Task description:
Under this line are the records; write out word for word the part that begins at the line containing "YUV 85.58,-3.244,-32.958 Color" and ends at the line containing "首都圏中古マンション市場にお", and no more.

Provided data:
★ ★ ★ ★
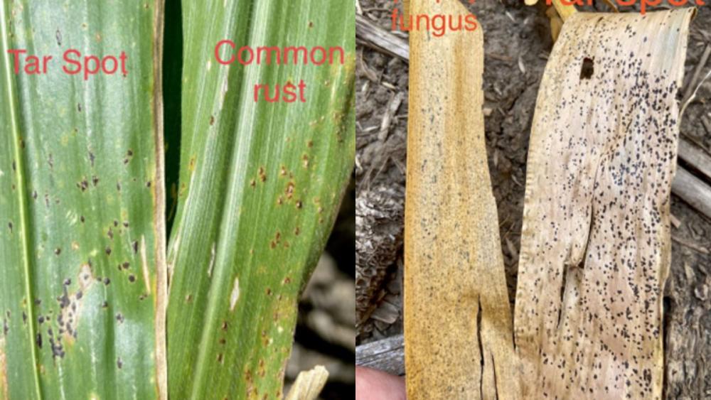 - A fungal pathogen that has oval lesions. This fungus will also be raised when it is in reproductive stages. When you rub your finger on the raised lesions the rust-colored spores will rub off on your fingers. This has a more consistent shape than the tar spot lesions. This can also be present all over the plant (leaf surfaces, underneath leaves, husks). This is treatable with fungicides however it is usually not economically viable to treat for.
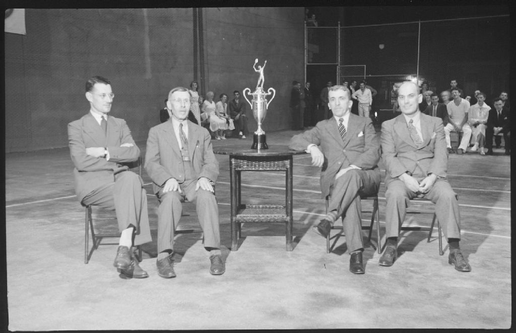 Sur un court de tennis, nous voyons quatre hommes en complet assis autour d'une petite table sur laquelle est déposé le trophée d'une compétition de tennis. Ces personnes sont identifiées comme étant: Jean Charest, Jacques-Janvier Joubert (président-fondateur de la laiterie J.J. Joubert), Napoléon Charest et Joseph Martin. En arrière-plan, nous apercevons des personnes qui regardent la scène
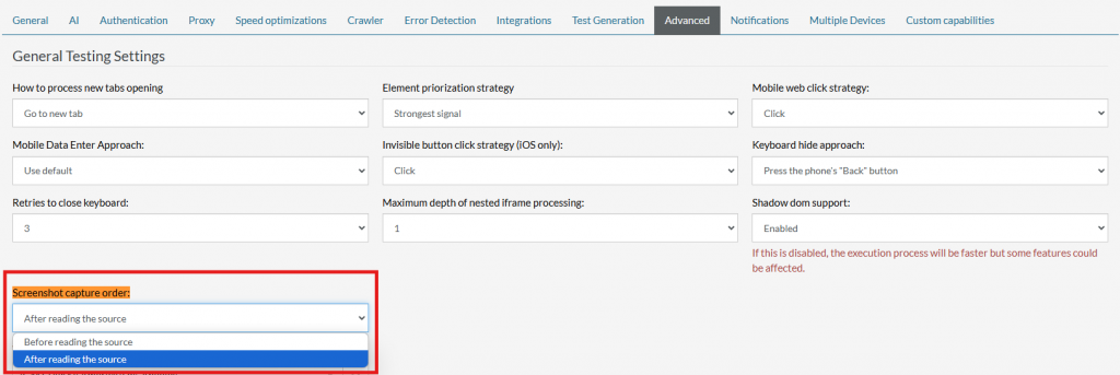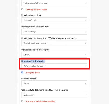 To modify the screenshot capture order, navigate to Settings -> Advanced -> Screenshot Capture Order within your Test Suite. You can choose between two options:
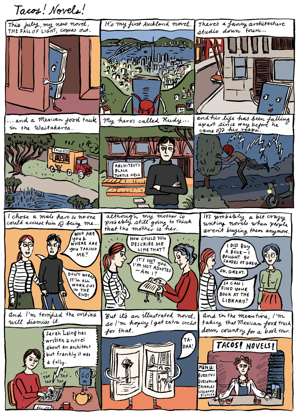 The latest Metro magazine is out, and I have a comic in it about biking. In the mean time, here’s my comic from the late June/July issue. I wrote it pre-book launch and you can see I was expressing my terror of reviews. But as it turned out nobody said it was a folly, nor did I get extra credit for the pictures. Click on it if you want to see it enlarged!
★ ★ ★ ★
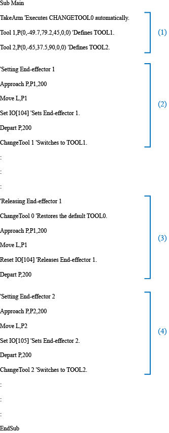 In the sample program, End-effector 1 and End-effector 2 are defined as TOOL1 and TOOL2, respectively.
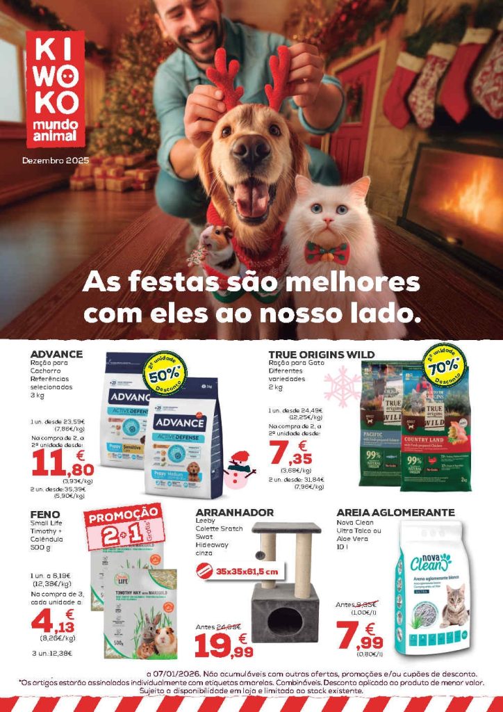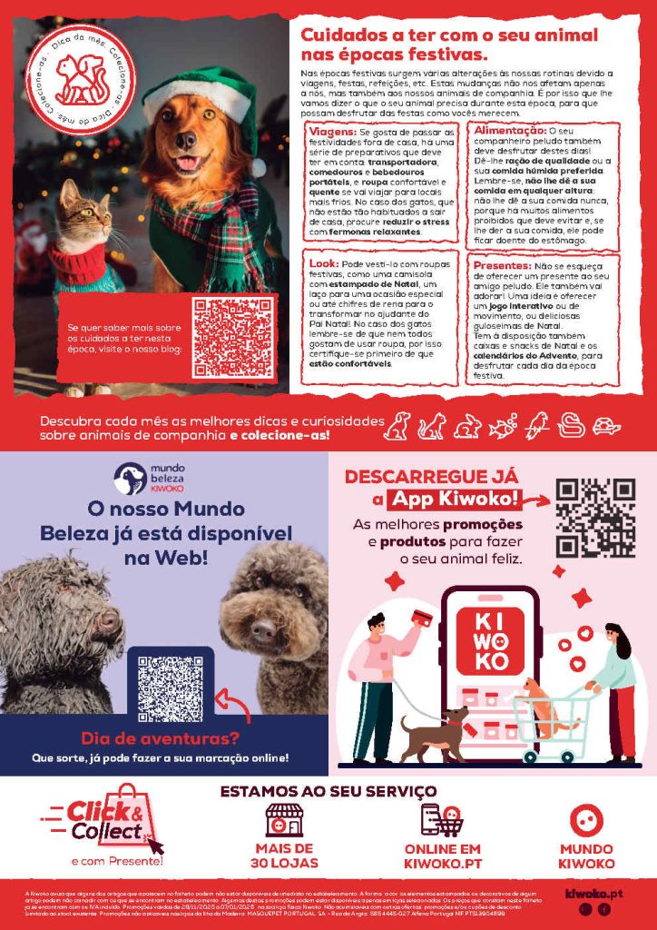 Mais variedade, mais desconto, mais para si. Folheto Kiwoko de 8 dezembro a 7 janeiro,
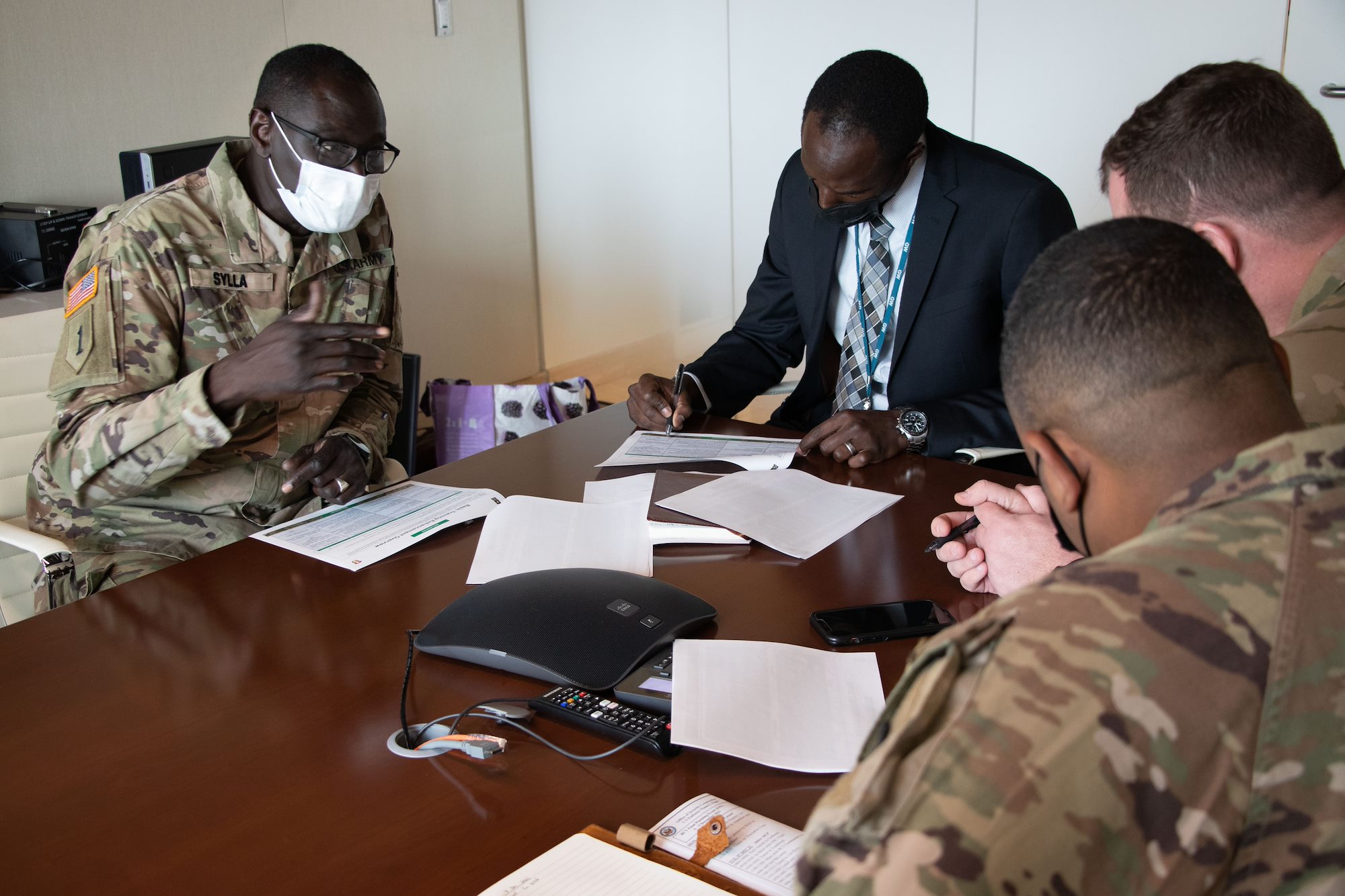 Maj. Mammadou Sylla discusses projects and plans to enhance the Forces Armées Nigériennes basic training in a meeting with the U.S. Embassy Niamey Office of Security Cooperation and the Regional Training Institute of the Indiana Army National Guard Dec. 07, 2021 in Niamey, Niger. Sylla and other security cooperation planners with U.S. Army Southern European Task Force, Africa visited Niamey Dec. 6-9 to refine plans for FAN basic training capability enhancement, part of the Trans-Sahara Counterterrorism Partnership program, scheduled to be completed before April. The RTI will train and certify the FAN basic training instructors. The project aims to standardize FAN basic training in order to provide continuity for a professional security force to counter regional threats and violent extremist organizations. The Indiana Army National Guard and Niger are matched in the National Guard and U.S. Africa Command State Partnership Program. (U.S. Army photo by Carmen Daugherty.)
★ ★ ★ ★
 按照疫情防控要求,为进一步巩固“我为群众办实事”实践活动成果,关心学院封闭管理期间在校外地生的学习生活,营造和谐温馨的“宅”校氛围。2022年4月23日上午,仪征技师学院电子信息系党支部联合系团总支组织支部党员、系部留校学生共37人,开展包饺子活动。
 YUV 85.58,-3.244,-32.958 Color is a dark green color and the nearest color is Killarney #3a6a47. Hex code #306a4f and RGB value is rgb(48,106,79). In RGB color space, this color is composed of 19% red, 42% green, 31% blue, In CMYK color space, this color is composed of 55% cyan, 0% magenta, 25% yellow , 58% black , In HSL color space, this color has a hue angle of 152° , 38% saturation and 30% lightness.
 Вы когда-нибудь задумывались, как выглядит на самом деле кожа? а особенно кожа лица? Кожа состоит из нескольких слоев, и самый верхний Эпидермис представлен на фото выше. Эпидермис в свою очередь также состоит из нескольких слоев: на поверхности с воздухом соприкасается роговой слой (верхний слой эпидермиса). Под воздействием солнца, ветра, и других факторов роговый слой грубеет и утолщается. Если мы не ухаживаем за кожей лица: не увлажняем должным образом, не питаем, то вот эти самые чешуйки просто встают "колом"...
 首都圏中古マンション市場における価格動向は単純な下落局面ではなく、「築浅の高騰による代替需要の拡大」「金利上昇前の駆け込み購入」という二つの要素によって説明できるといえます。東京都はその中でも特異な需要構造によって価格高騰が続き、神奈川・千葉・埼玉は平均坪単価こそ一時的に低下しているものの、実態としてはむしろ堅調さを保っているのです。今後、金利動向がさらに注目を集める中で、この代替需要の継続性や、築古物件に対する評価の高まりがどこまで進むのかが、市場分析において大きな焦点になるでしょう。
★ ★ ★ ★
Answer space:
 YUV 85.58,-3.244,-32.958 Color is a dark green color and the nearest color is Killarney #3a6a47. Hex code #306a4f and RGB value is rgb(48,106,79). In RGB color space, this color is composed of 19% red, 42% green, 31% blue, In CMYK color space, this color is composed of 55% cyan, 0% magenta, 25% yellow , 58% black , In HSL color space, this color has a hue angle of 152° , 38% saturation and 30% lightness.
 Вы когда-нибудь задумывались, как выглядит на самом деле кожа? а особенно кожа лица? Кожа состоит из нескольких слоев, и самый верхний Эпидермис представлен на фото выше. Эпидермис в свою очередь также состоит из нескольких слоев: на поверхности с воздухом соприкасается роговой слой (верхний слой эпидермиса). Под воздействием солнца, ветра, и других факторов роговый слой грубеет и утолщается. Если мы не ухаживаем за кожей лица: не увлажняем должным образом, не питаем, то вот эти самые чешуйки просто встают "колом"...
 首都圏中古マンション市場における価格動向は単純な下落局面ではなく、「築浅の高騰による代替需要の拡大」「金利上昇前の駆け込み購入」という二つの要素によって説明できるといえます。東京都はその中でも特異な需要構造によって価格高騰が続き、神奈川・千葉・埼玉は平均坪単価こそ一時的に低下しているものの、実態としてはむしろ堅調さを保っているのです。今後、金利動向がさらに注目を集める中で、この代替需要の継続性や、築古物件に対する評価の高まりがどこまで進むのかが、市場分析において大きな焦点になるでしょう。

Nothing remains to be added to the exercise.